- [Problem statement]:
From the entries below, reproduce exactly the lines from the one with "- Kaksi makuuhuonetta" through the one with "意味不明あだ名 | 『自称はやかわひらり』 |", both included, without images.

══ Supplied data

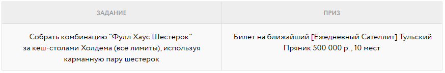 Также мы решили подсластить субботу «Тульским Пряником». Это турнир с гарантией 500 000 рублей. Он правда, прямо как свежий пряник, так и манит своей азартной начинкой. Ключ к входу на турнир – 500 рублей.
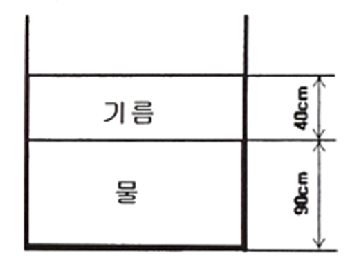 기름의 압력: 0.85 × 1000$kg/m^3$ × 0.4m × 9.81$m/s^2$ = 3335.4Pa = 3.335kPa
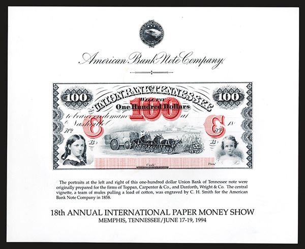 ABNC. Featuring Union Bank of Tennessee, 100 Dollar note. As made. 300 pieces.
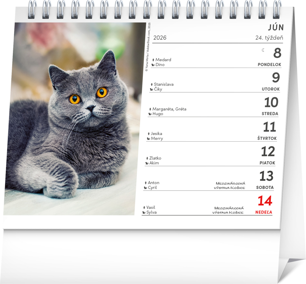 Oslavte svátek spolu se svým kočičím parťákem – v tomto praktickém slovenském stolním kalendáři najdete jména koček na každý den. V kalendáři najdete hezké fotografie a prostor na poznámky.| EAN | 8595689353629 |
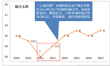 2014-2017年,新光控股财务报表出现明显异常变化,报表质量值得怀疑。财务虚假识别模型显示,新光控股2014-2017年的财务虚假“可能性极大”。对于财务粉饰较为严重的企业,定量评级很可能出现一定偏差,但即便如此,新光控股的模型评级结果总体仍处于较低水平。外部评级之前一直稳定维持在AA及以上,在发生违约后才将评级降至C。
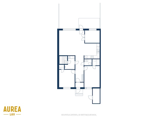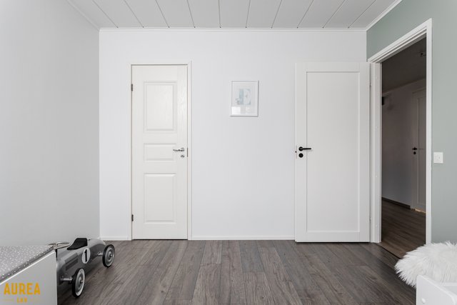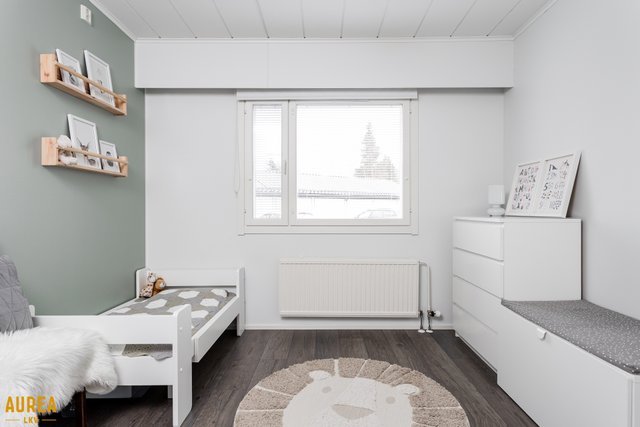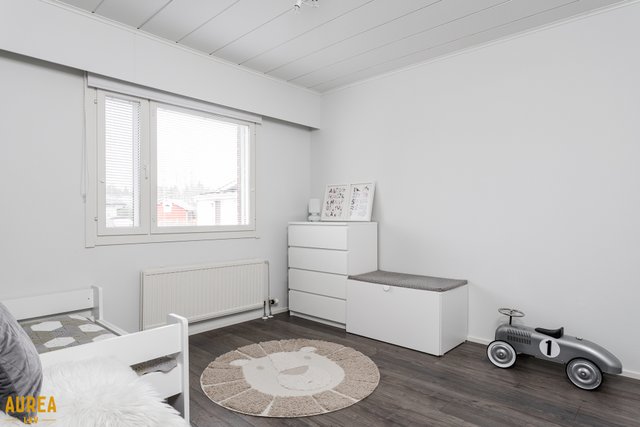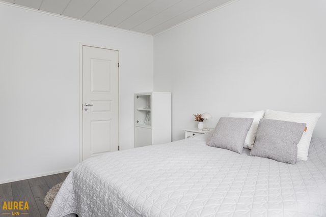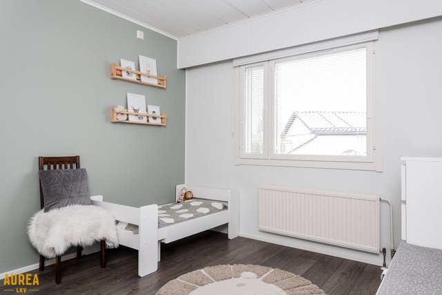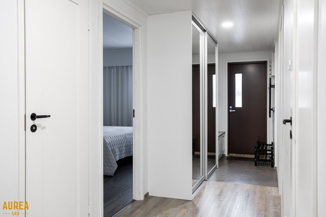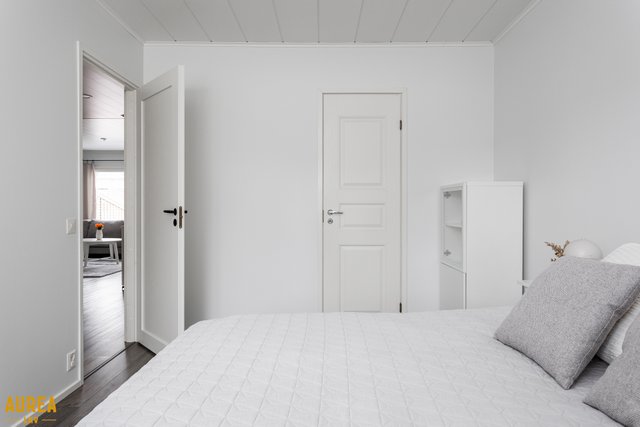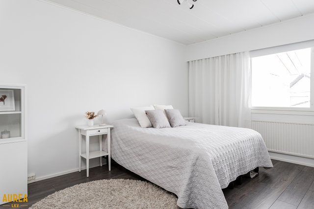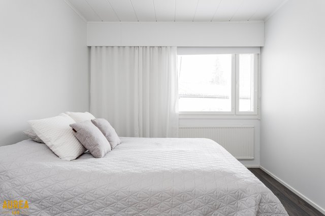 - Kaksi makuuhuonetta joissa vaatehuone. Olohuoneen yhteyteen rakennettu kolmas makuuhuone. Seinät: maali, lattia: laminaatti/vinyylikorkki, katto: mdf.
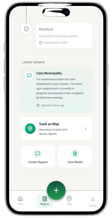 Track your report status from submission to resolution with detailed updates
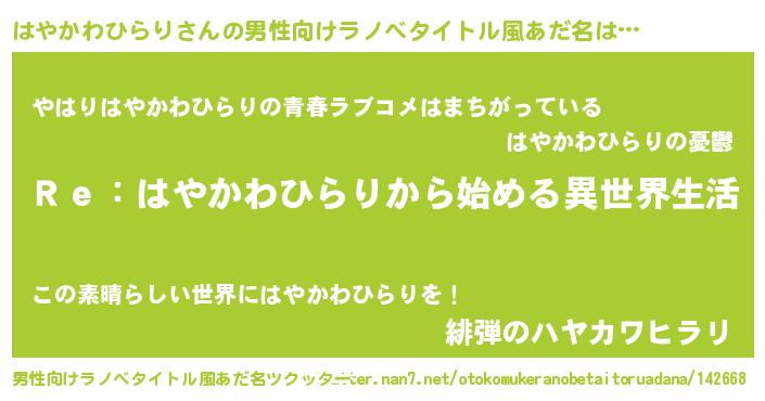 | 意味不明あだ名 | 『自称はやかわひらり』 |
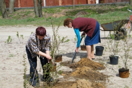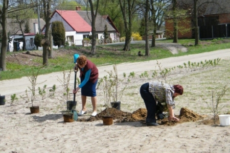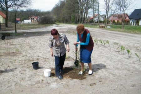 Na festynie w Potaszni dostaliśmy w prezencie drzewko jabłoni ze Szkółki Drzew i Krzewów w Świebodowie. Jabłonie są nie tylko ładnymi drzewami, które często uprawiane są jako rośliny ozdobne, ale też jabłka są najbardziej popularnymi owocami nie tylko ze względu na ich bardzo dobry smak, ale też dużą zawartość witamin i soli mineralnych. Dlatego też postanowiliśmy nasze drzewko posadzić przy placu zabaw dla dzieci. Będzie nie tylko ładnie wyglądać, ale też dzieci będą mogły korzystać z owoców zrywanych prosto z drzewa. Przy okazji jeszcze kilka dodatkowych drzewek i krzewów zostało posadzonych przy alejce i trawniku. Panie Irena Pyziołek i Krystyna Jakubowska jak zobaczyły panią Sołtys z taczką wypełnioną krzewami, natychmiast (jak zwykle) złapały za łopaty i przybiegły pomagać w sadzeniu. Trudno już teraz zliczyć ile mamy nowych roślin a jeszcze posadzimy około 1000 róż, dębów, lip z naszego nowego programu. Jeśli nasza wieś nie jest jeszcze najpiękniejsza, to jak te wszystkie rośliny podrosną, to jesteśmy skłonni się założyć, że będzie najpiękniejszą wsią w Dolinie Baryczy.
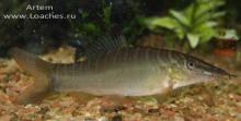 Тело удлиненное, сплющенное с боков. Рыло вытянутое. Под глазами по одному острому, складному шипику. В спинном плавнике 12 лучей, в анальном - 8. Окраска: тело беловатое с желтизной. Вдоль спины и боковой линии тянутся широкие черные полосы. Самцы стройнее. Рыло у них более вытянутое и губы толще. Вырастают до 8 см. Недавно внесен в новый род Ambastaia.
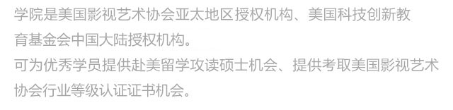 師資優勢:影視教育界著名專家教授、影完善的軟硬件配套。教學環境:千畝郊野視行業核心圈層。公園環繞周邊。 區位優勢:學院坐落于北京電影學院文創園內,園區內擁有百余家影視行專相蘭公司,真正意義的影視行業核心區。投資團隊:吉喆基金、賽富亞洲基金、中信國通、嘉頓投資、維西資本、譽上投資等強大的投資團隊為制作影視劇投資。 實踐機會:學院自有星影時代影視公司,計劃未來3年投拍100部影視劇與新媒體電影;學院在文創園區內自有大小攝影棚、綜藝棚10座,并與行專內近百家影視行專相蘭公司建立戰略合作關系,建立人才庫為行業提供人員儲備。國際合作:美國影視藝術協會亞太地區唯一授權機構,美國科技創新教育基金會中國大陸唯一授權機構。可為優秀學員提供免費赴美留學攻讀碩士機會,提供考取美國影視藝術協會行業等級認證證書機會。
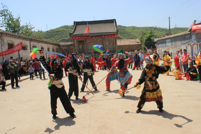 在井陉县有个武术村——桃林坪村里几乎人人会武术、个个有功夫数百年来村子里流传着一种特有的花脸社火上至耄耋老人、下至学龄前儿童都会来上一段尤其是春节期间每当鼓点响起他们都会放下碗筷脸上画上不同的脸谱拿起刀枪棍棒跟着社火队伍一起跑阵好不热闹
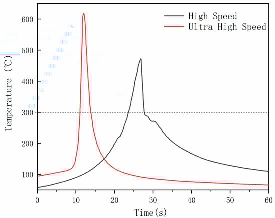 The key influencing factors that contribute to the formation of IMC in the welding of Al-Fe dissimilar metals are heat input and axial pressure [4,33]. Therefore, it is necessary to measure the temperature of the welding process. When using different offsets, there are slight temperature differences. Figure 10 shows the temperature measurement data for the HRS and ultra-HRS parameters. The highest temperatures measured by the HRS and ultra-HRS connection methods were 470 °C and 620 °C, respectively. The highest temperature was lower than 655 °C, the Al-Fe eutectic point. In the paper by Mahoney [34], it was found that the temperature difference along the direction of thickness was almost negligible. Since a thinner thickness was used in this experiment, the temperature can be considered to be the same in the direction of the thickness. The experimental temperature measurement point was close to the thermal mechanically affected zone on the RS. Therefore, in the welding process, the measured temperature at this point could be considered closest to the highest temperature.
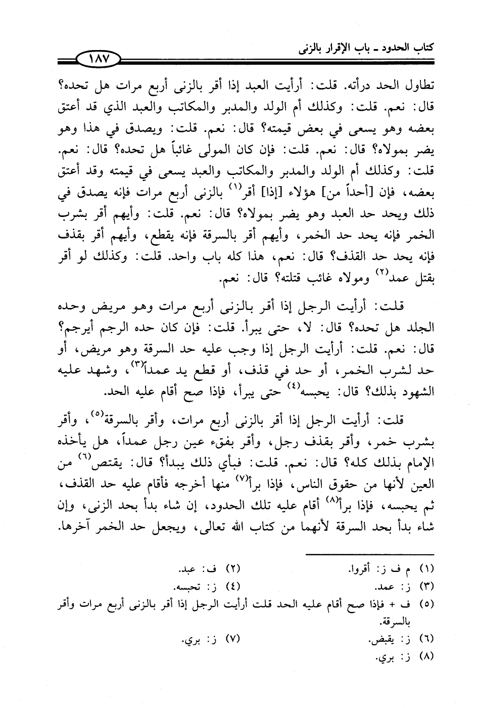 تطاول الحد درأته. قلت: أرأيت العبد إذا أقر بالزنى أربع مرات هل تحده؟ قال: نعم. قلت: وكذلك أم الولد والمدبر والمكاتب والعبد الذي قد أعتق بعضه وهو يسعى في بعض قيمته؟ قال: نعم. قلت: ويصدق في هذا وهو يضر بمولاه؟ قال: نعم. قلت: فإن كان المولى غائباً هل تحده؟ قال: نعم. قلت: وكذلك أم الولد والمدبر والمكاتب والعبد يسعى في قيمته وقد أعتق بعضه، فإن [أحداً من] هؤلاء [إذا] أقر (¬1) بالزنى أربع مرات فإنه يصدق في ذلك ويحد حد العبد وهو يضر بمولاه؟ قال: نعم. قلت: وأيهم أقر بشرب الخمر فإنه يحد حد الخمر، وأيهم أقر بالسرقة فإنه يقطع، وأيهم أقر بقذف فإنه يحد حد القذف؟ قال: نعم، هذا كله باب واحد. قلت: وكذلك لو أقر بقتل عمد (¬2) ومولاه غائب قتلته؟ قال: نعم.
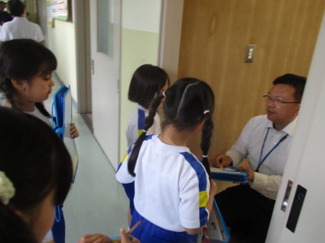 「質問が初めてできて嬉しい」「たくさんサインをもらおう」など、学級での発表から段々インタビューに慣れてきて、学校探検を楽しんでいる様子が伝わってきました。
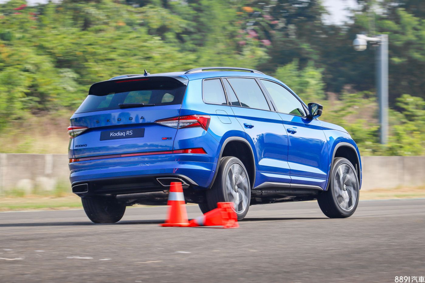 必須要提的是,這次體驗車款採用235/45R20的米其林PS4 S,屬於高階性能胎,對抓地力有直接幫助,而這次活動都是以運動模式、開啟循跡系統的狀態下進行,在繞錐、彎道體驗的過程中,會發現Kodiaq RS循跡系統介入的時機很早,感覺底盤與輪胎都還沒到極限,但系統已經開始限制動力輸出,讓人覺得有些綁手綁腳,但畢竟是休旅定位,以安全為主的設計能夠理解,但嚐過暢快的操駕底子後,反而讓人想試試關掉循跡、解放的真實力。

════

- [Final answer]:
 - Kaksi makuuhuonetta joissa vaatehuone. Olohuoneen yhteyteen rakennettu kolmas makuuhuone. Seinät: maali, lattia: laminaatti/vinyylikorkki, katto: mdf.
 Track your report status from submission to resolution with detailed updates
 | 意味不明あだ名 | 『自称はやかわひらり』 |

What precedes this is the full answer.